The project CPD training programme has also paid attention to the community health workers (CHWs) linked to health centres and dispensaries, who are intended by the Ministry of Health to form a bridge between the community and health workers. There is supposed to be 1 CHW per 100 households, and they are intended to be supervised by nominated health workers from level 2 and 3 (henceforward known as community health education workers (CHEWs). CHWs were formerly volunteers, but now the government is encouraging their remuneration by the community.
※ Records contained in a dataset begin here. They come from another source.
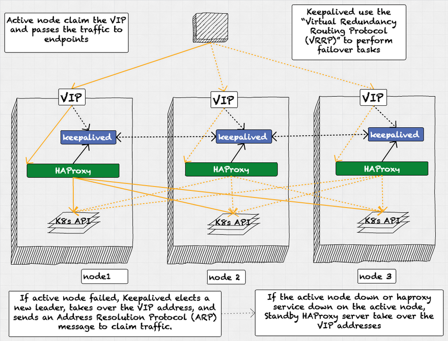 - If active node failed, Keepalived elects a new leader, takes over the VIP address, and sends an Address Resolution Protocol (ARP) message to claim traffic.
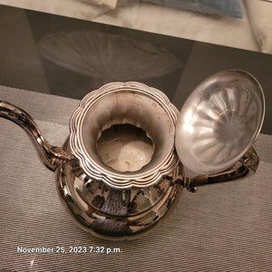 Primrose Silver Plated Set of Coffee Pot, Sugar Bowl and Creamer.  Used, very good pristine condition.  Exterior very shiny with a few very small spots. Coffee pot has a scratch on the handle and inside a few water mark (see pictures). Made in Canada.
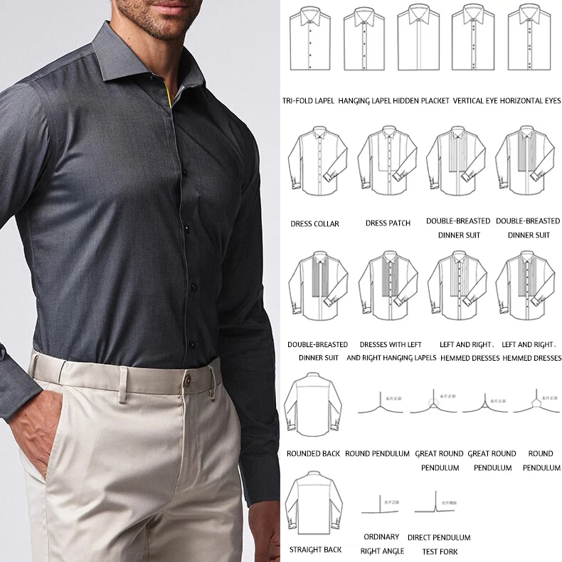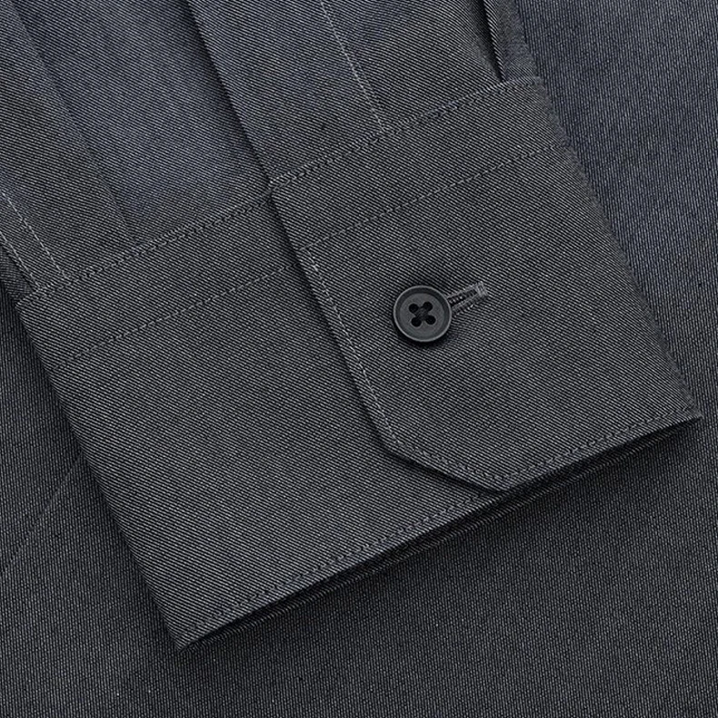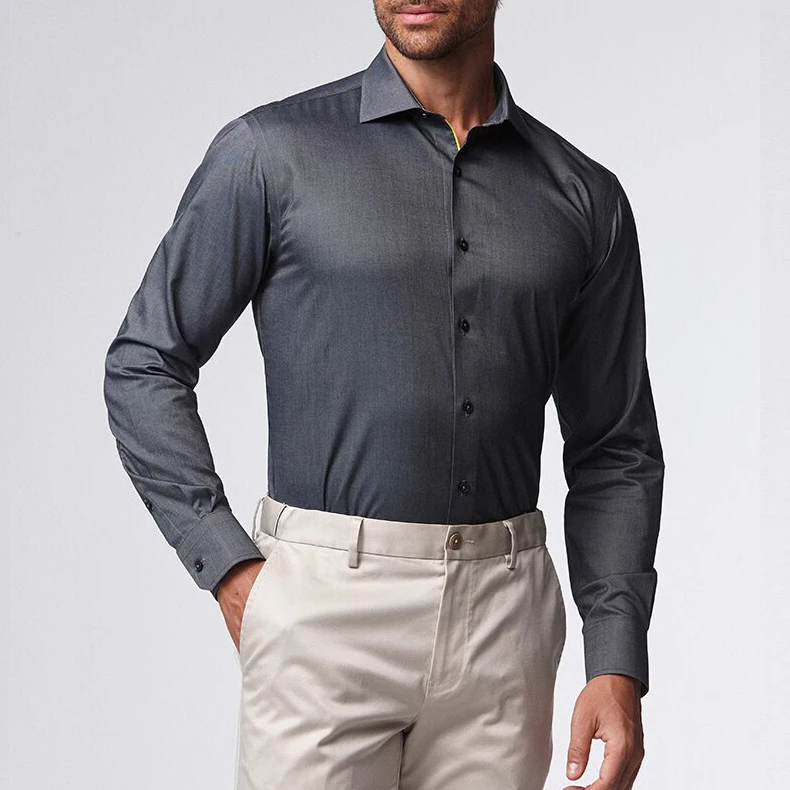 Men Shirt 100% Cotton Casual Long-Sleeve Gray Shirt Formal Single-Breasted Slim-Fit Professional Wear Business Minimalist Shirt
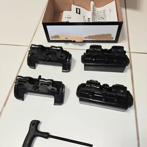 Automallikohtainen asennussarja taakkatelineiden jalkojen kiinnittämiseksi autoon.
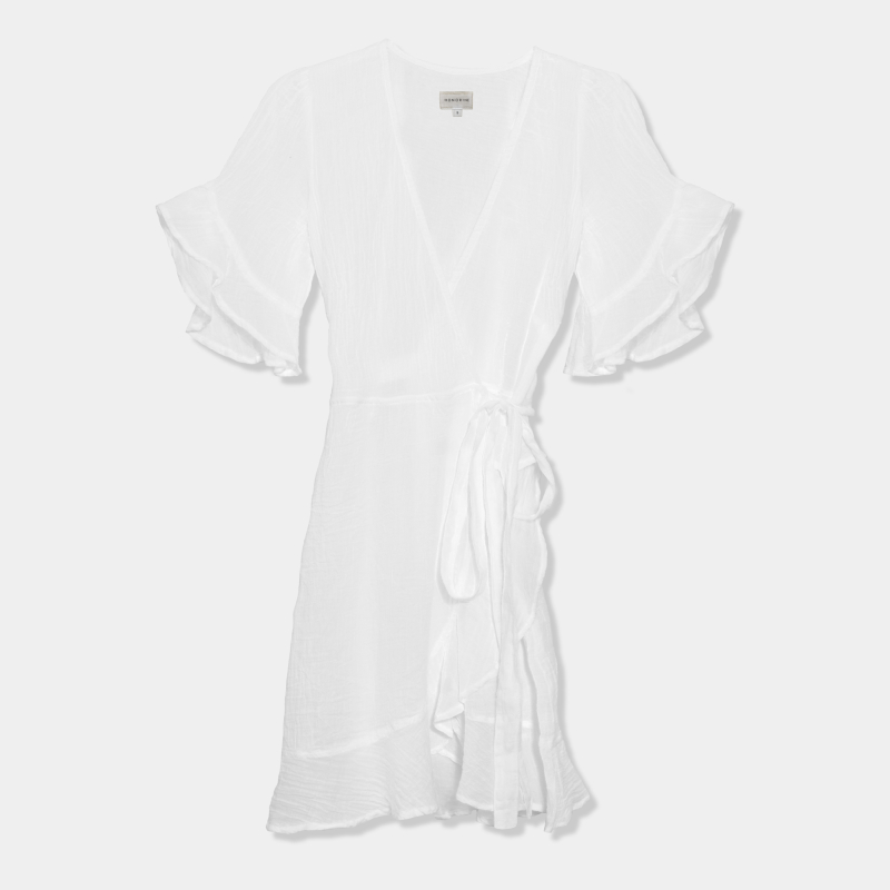 DescriptionV-neck, mini, wrap cover-up with self waist tie and ruffle-finished short bell sleeves and hem. 100% Cotton Size Small measures 34 1/2’’ from shoulder to hem

Our CPD training programme on mental health for primary care staff included a module on how to deliver brief mental health training to their CHWs as part of their normal regular weekly education sessions for CHWs attached to their clinics. The roll out of this has recently received a major boost by the Ministry of Public Health and Sanitation which has introduced a funded programme for districts to train the CHWs and expand their role. Many of those district staff engaged in training CHWs have attended our mental health CPD programme and are therefore incorporating those materials into the CHW training.
Policy linkages were established with other relevant ministries including the government departments responsible for police, prisons, schools, child protection, and social welfare. All have major interests in contributing to mental health policy, and have all participated in the stakeholder policy development workshops. They are each represented on the Kenya Board of Mental Health. Dedicated training courses on mental health have been run for prison nurses, and a number of prison nurses have also attended the primary care training courses.
Advocacy and public education
Kenya has participated in the celebration of World Mental Health day annually since inception in 1992. The national event is held on a rotational basis in each province and the minister for health presides over the national event. The national celebration is a culmination of a week long mental health activities carried out throughout the country at district levels. The minister gives a trophy and a certificate to the national winner of the national competition for the best mental health worker of the year. The climax is marked by the minister's speech which articulates the mental health issues contained in the theme for each year, accompanied by extensive media coverage. Mental health workers from different levels in the service also contribute to media programmes about mental health. They give lectures, symposia and workshops to create public awareness as well as orientation of different groups and cadres on mental health. Psychiatric hospitals and wards have open days.